Directions: Word for word, reproduce all entries below, leaving every picture out.

[Materials provided Boundary: Start]

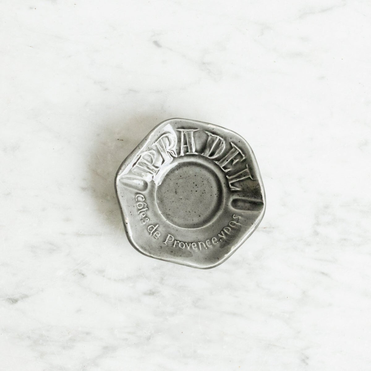 This lovely ceramic piece is a relic of a time gone by when every tasting room had ashtrays on the tables advertising certain products. This example advertises the Provencal winery Pradel.
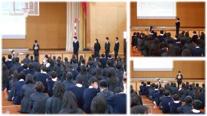 入学して、もうすぐ1年が経とうとしています。本年度最後の集会は、前半に職業調べの発表がありました。各クラスの素晴らしかった内容を、生徒自身が説明してくれました。夢や目標が伝わりしっかり調べられていました。後半は1年間のまとめの話でした。2年生はもうすぐです。来年度のさらなる飛躍を期待しています。
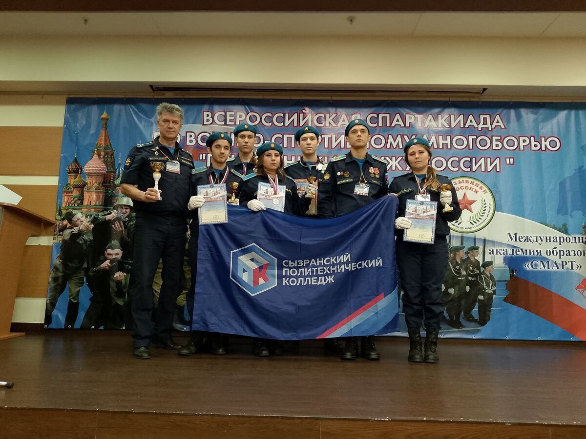 В марте 2024 года в Москве прошла ежегодная Всероссийская военно-спортивная спартакиада «Служу России: Призывник-2024». В финал этих соревнований вышли 6 студентов Сызранского политехнического колледжа: Миронова Татьяна, Суворова Василиса, Беляев Максим, Лобяк Павел, Тимушев Айрат и Алиев Борис. Всего в соревнованиях приняли участие 62 команды со всей России, около 600 участников. Все участники должны были выполнить 7 нормативов: подтягивание, стрельба из винтовки с 10 метров стоя, отжимание, прыжки со скакалкой за 30 секунд, бег на 60 метров, сборка и разборка автомата АК-74 и снаряжение патронами магазина к АК-74. Студенты показали отличные результаты и завоевали 4 призовых места. Суворова Василиса заняла 2-е место в отжимании и 3-е место в сборке и разборке автомата АК-74, в стрельбе из пневматической винтовки 3-е место занял Беляев Максим, а в прыжках в длину с места 2-е место занял Лобяк Павел. Поздравляем всех призеров и участников с победой в соревнованиях, желаем новых успехов
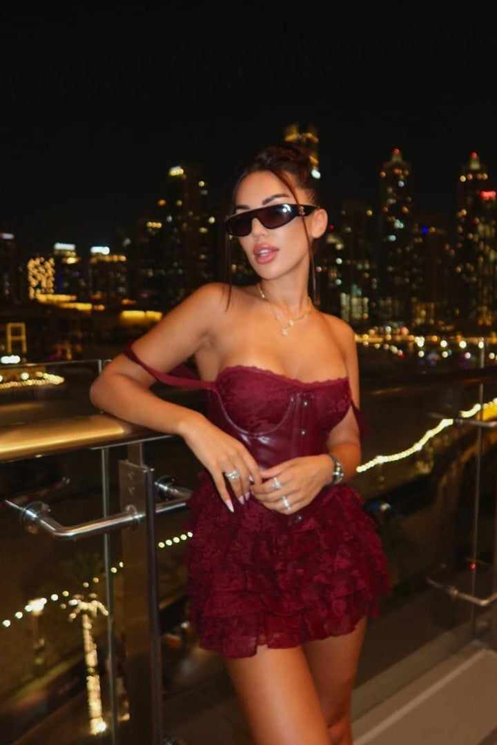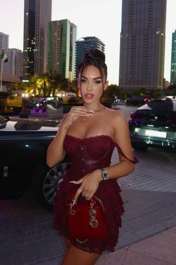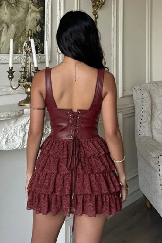 Reveal your daring and feminine vibe with Daphne, a standout mini dress that mixes seductive charm with romantic flair. Its structured faux leather corset bodice, trimmed with lace cups, shapes your waist and flatters your figure. Bold wide straps accentuate your shoulders for an elegant yet commanding style, while the tiered lace ruffle skirt adds a fun, dramatic bounce. Made to impress, Daphne is your perfect pick for evenings that demand fearless sparkle and style.
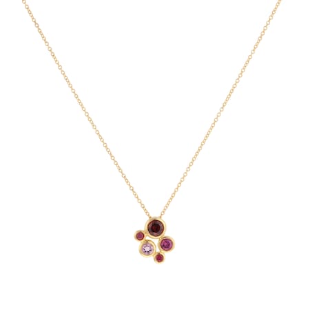 Set in glowing 18ct yellow gold, with ruby, garnet and pink tourmaline as the centrepiece, the stones are encompassed in a harmonious bezel setting.
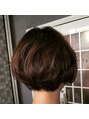 秋になってカラーもこっくり艶カラー。毛先に動きが出てくる柔らかパーマで大人かわいい前下がりショートボブ☆
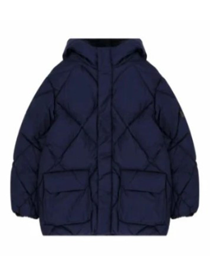 Quilted jacket, patch pockets with flap, zip and clip fastening, fixed hood.
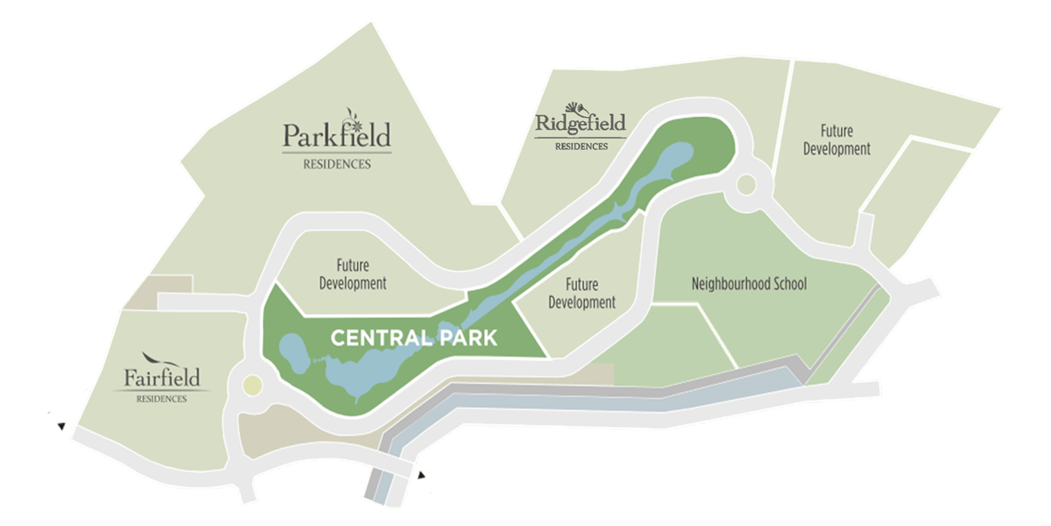 Future lakeside condos pepper the banks of the Central Park, giving high rise residences scenic views of nature

[Materials provided Boundary: End]

The completed task:
 This lovely ceramic piece is a relic of a time gone by when every tasting room had ashtrays on the tables advertising certain products. This example advertises the Provencal winery Pradel.
 入学して、もうすぐ1年が経とうとしています。本年度最後の集会は、前半に職業調べの発表がありました。各クラスの素晴らしかった内容を、生徒自身が説明してくれました。夢や目標が伝わりしっかり調べられていました。後半は1年間のまとめの話でした。2年生はもうすぐです。来年度のさらなる飛躍を期待しています。
 В марте 2024 года в Москве прошла ежегодная Всероссийская военно-спортивная спартакиада «Служу России: Призывник-2024». В финал этих соревнований вышли 6 студентов Сызранского политехнического колледжа: Миронова Татьяна, Суворова Василиса, Беляев Максим, Лобяк Павел, Тимушев Айрат и Алиев Борис. Всего в соревнованиях приняли участие 62 команды со всей России, около 600 участников. Все участники должны были выполнить 7 нормативов: подтягивание, стрельба из винтовки с 10 метров стоя, отжимание, прыжки со скакалкой за 30 секунд, бег на 60 метров, сборка и разборка автомата АК-74 и снаряжение патронами магазина к АК-74. Студенты показали отличные результаты и завоевали 4 призовых места. Суворова Василиса заняла 2-е место в отжимании и 3-е место в сборке и разборке автомата АК-74, в стрельбе из пневматической винтовки 3-е место занял Беляев Максим, а в прыжках в длину с места 2-е место занял Лобяк Павел. Поздравляем всех призеров и участников с победой в соревнованиях, желаем новых успехов
 Reveal your daring and feminine vibe with Daphne, a standout mini dress that mixes seductive charm with romantic flair. Its structured faux leather corset bodice, trimmed with lace cups, shapes your waist and flatters your figure. Bold wide straps accentuate your shoulders for an elegant yet commanding style, while the tiered lace ruffle skirt adds a fun, dramatic bounce. Made to impress, Daphne is your perfect pick for evenings that demand fearless sparkle and style.
 Set in glowing 18ct yellow gold, with ruby, garnet and pink tourmaline as the centrepiece, the stones are encompassed in a harmonious bezel setting.
 秋になってカラーもこっくり艶カラー。毛先に動きが出てくる柔らかパーマで大人かわいい前下がりショートボブ☆
 Quilted jacket, patch pockets with flap, zip and clip fastening, fixed hood.
 Future lakeside condos pepper the banks of the Central Park, giving high rise residences scenic views of nature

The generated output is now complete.